Silica nanoparticle-enhanced mechanical properties and energy absorption behavior of hybrid fiber-reinforced polymer composites for structural applications
Megavannan Mani
Abstract
This study investigates the mechanical properties and energy absorption behavior of Hybrid Fibre Reinforced Polymer (HFRP) composites enhanced with silica nanoparticles. HFRPs are widely employed in industries such as aerospace, automotive, and marine due to their remarkable durability, noise-reducing qualities, and structural integrity. The research focuses on the influence of varying silica nanoparticle concentrations on properties such as tensile strength, flexural performance, interlaminar shear strength (ILSS), and quasi-static puncture resistance, all tested according to ASTM standards. The optimal configuration was found to be 1.5 wt% silica nanoparticles, which led to a 4.97 % increase in tensile strength (27.82 MPa) and a 26.91 % improvement in flexural strength (59.01 MPa) compared to the composite with no silica. Additionally, the ILSS and hardness was enhanced by 10.93 MPa and 97 RHN. Quasi-static puncture resistance was assessed using a stainless-steel hemispherical indenter across four composite configurations (0 wt%, 0.5 wt%, 1.5 wt%, and 2 wt%), with the 1.5 wt% composite showing the highest energy absorption (25.08 J) and specific energy absorption (0.611 J/g).

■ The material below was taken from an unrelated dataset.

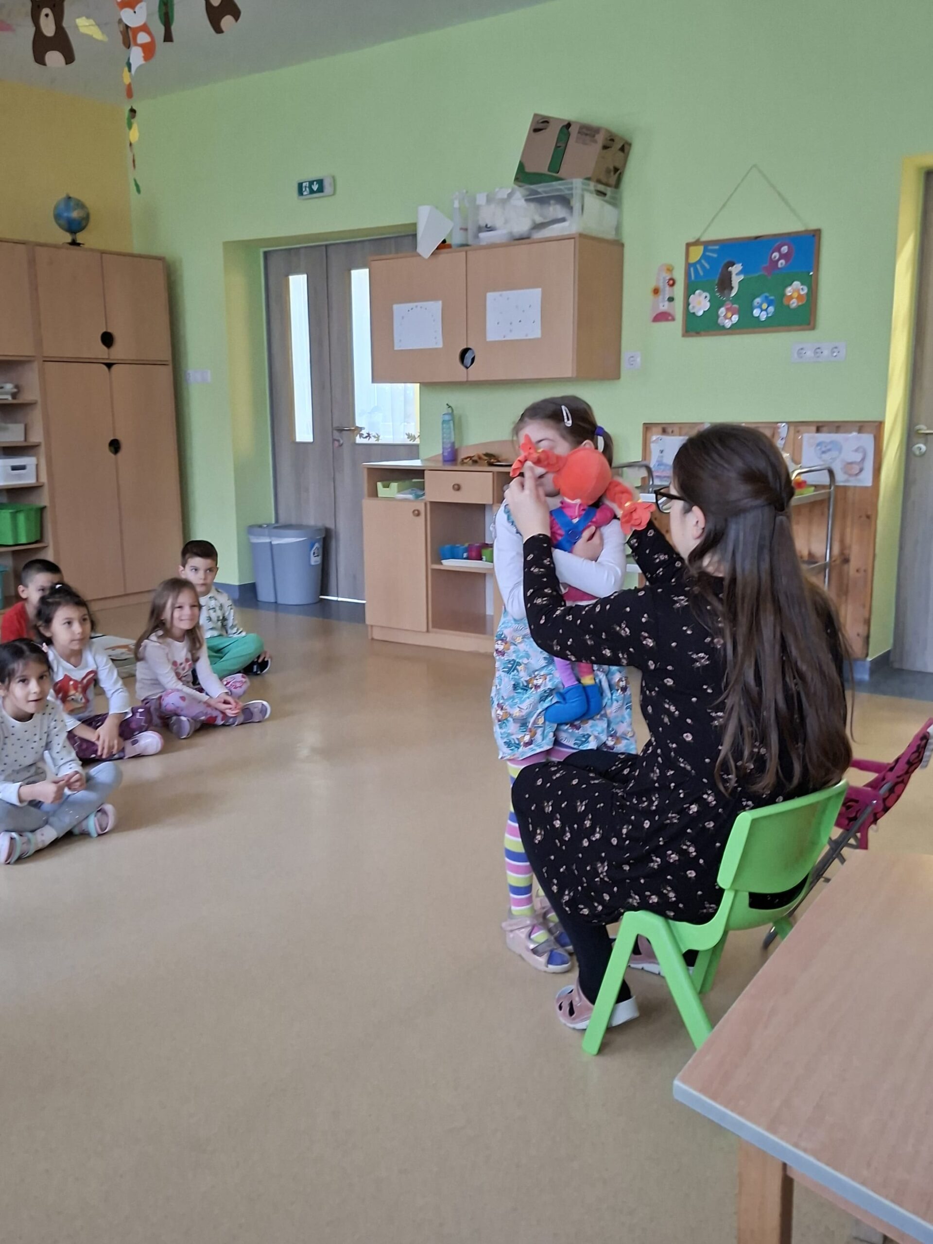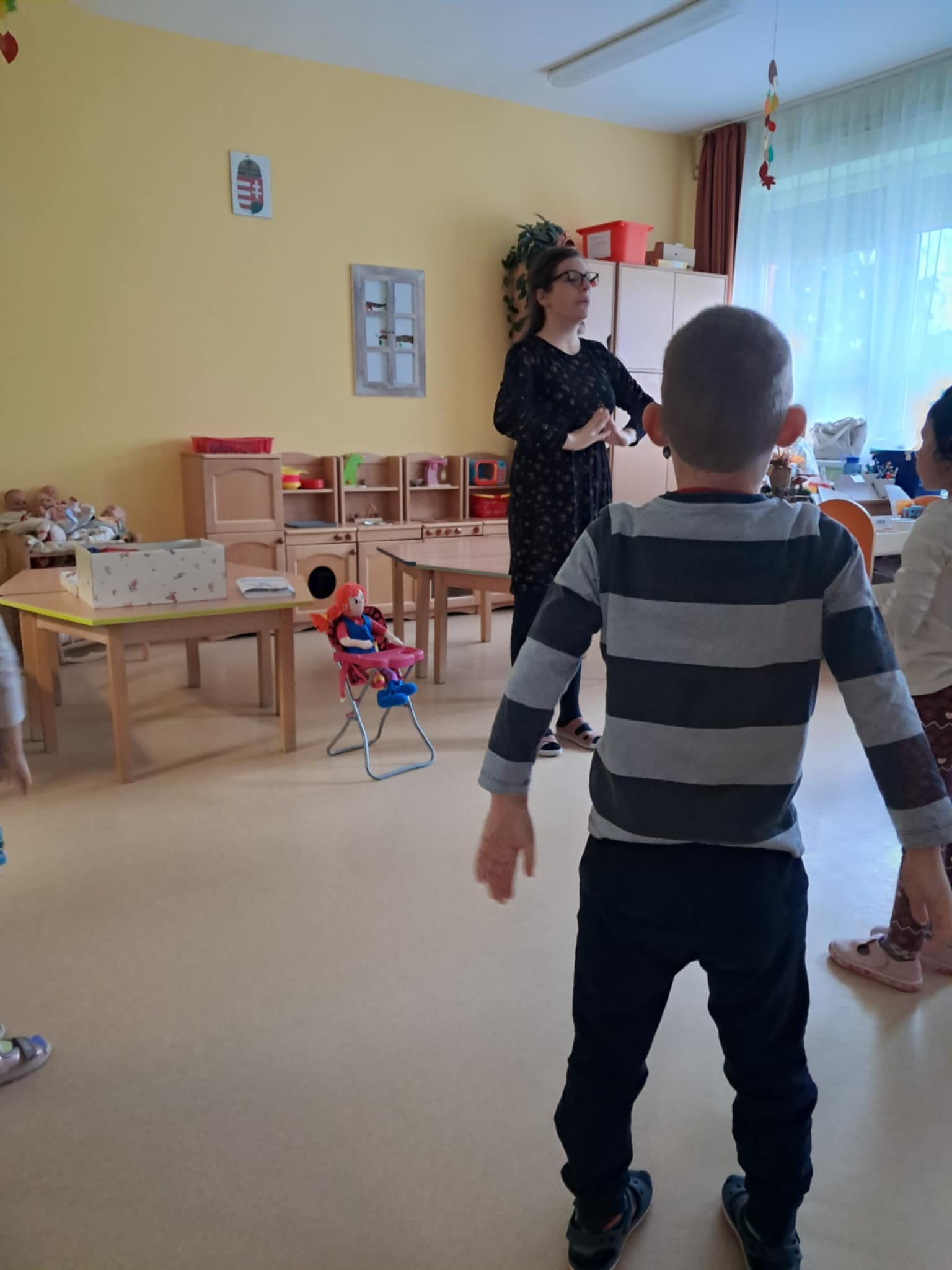 Dórával érkeztem a csoportba, a gyerekek már várták őt. (A csoport, amelyben a boldogságórás foglalkozásokat tartom nem az „enyém”. Nem én vagyok az óvónénijük, de a folyosón, ha találkozunk, sűrűn megkérdezik, hogy mikor jön hozzánk megint Dóra?) Dóra tartotta ma a foglalkozást, ő hívta a gyerekeket meditálni, és minden cselekvésre ő kérte őket.

These findings underscore the improved mechanical and impact resistance properties of silica-reinforced HFRP composites, indicating their potential for use in demanding applications requiring high structural integrity and energy absorption capabilities. • Silica nanoparticles improve tensile, flexural, and shear strength in hybrid FRP composites. • 1.5 wt% nanoparticles enhance puncture strength and energy absorption. • 1.5 wt% silica nanoparticles boost strength-to-weight ratio for engineering use. • Durability and mechanical properties support aerospace, automotive, and marine use. • Hybrid FRP composites with 1.5 wt% nanoparticles ensure strong long-term performance.